### DATASET CONTENT
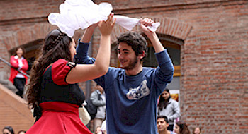 Y precisamente Bastián, junto a Catalina Valenzuela, alumna de Pedagogía General Básica, fueron los protagonistas del concurso de cueca, una de las actividades más tradicionales y esperadas de la Fiesta de la Chilenidad, del cual esta pareja de amigos fueron los ganadores. Luego de bailar varios pies de cueca, Catalina y Bastián deleitaron a los asistentes y al jurado, compuesto por los profesores Ana María Martínez, Ana Soledad Vargas y Ricardo Rodríguez, junto a Constanza Carmona, integrante del Grupo Selectivo UC de Folklore. Según Catalina, ella baila cueca desde niña y, junto a Bastián, participan en un club foklórico hace tres años. "Bailamos danzas tradicionales de Chile durante todo el año y me parece súper bueno que se abran estos espacios y que haya más cultura chilena en septiembre”, destacó.
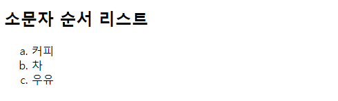 | <!DOCTYPE html> <html> <body> <h2>소문자 순서 리스트</h2> <ol type="a"> <li>커피</li> <li>차</li> <li>우유</li> </ol> </body> </html> |
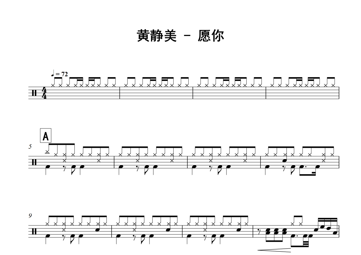 黄静美《愿你》架子鼓谱
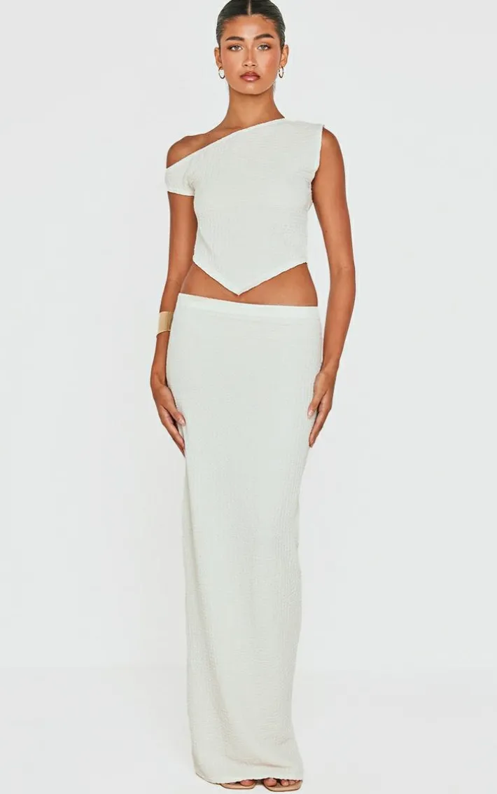 This beige textured maxi skirt is a must-have for your cosy season wardrobe. Wrap up warm for a brunch date with its beige hue, textured fabric and maxi skirt length. Pair with the matching top, nude heels and your must-have jewelry for those throw on and go moments. What’s not to love?

### WORK INSTRUCTION
What is needed is an exact retyping of the lines from the start of the data through the line with "黄静美《愿你》架子鼓谱", with both end lines kept and every picture left out.

### SOLUTION
 Y precisamente Bastián, junto a Catalina Valenzuela, alumna de Pedagogía General Básica, fueron los protagonistas del concurso de cueca, una de las actividades más tradicionales y esperadas de la Fiesta de la Chilenidad, del cual esta pareja de amigos fueron los ganadores. Luego de bailar varios pies de cueca, Catalina y Bastián deleitaron a los asistentes y al jurado, compuesto por los profesores Ana María Martínez, Ana Soledad Vargas y Ricardo Rodríguez, junto a Constanza Carmona, integrante del Grupo Selectivo UC de Folklore. Según Catalina, ella baila cueca desde niña y, junto a Bastián, participan en un club foklórico hace tres años. "Bailamos danzas tradicionales de Chile durante todo el año y me parece súper bueno que se abran estos espacios y que haya más cultura chilena en septiembre”, destacó.
 | <!DOCTYPE html> <html> <body> <h2>소문자 순서 리스트</h2> <ol type="a"> <li>커피</li> <li>차</li> <li>우유</li> </ol> </body> </html> |
 黄静美《愿你》架子鼓谱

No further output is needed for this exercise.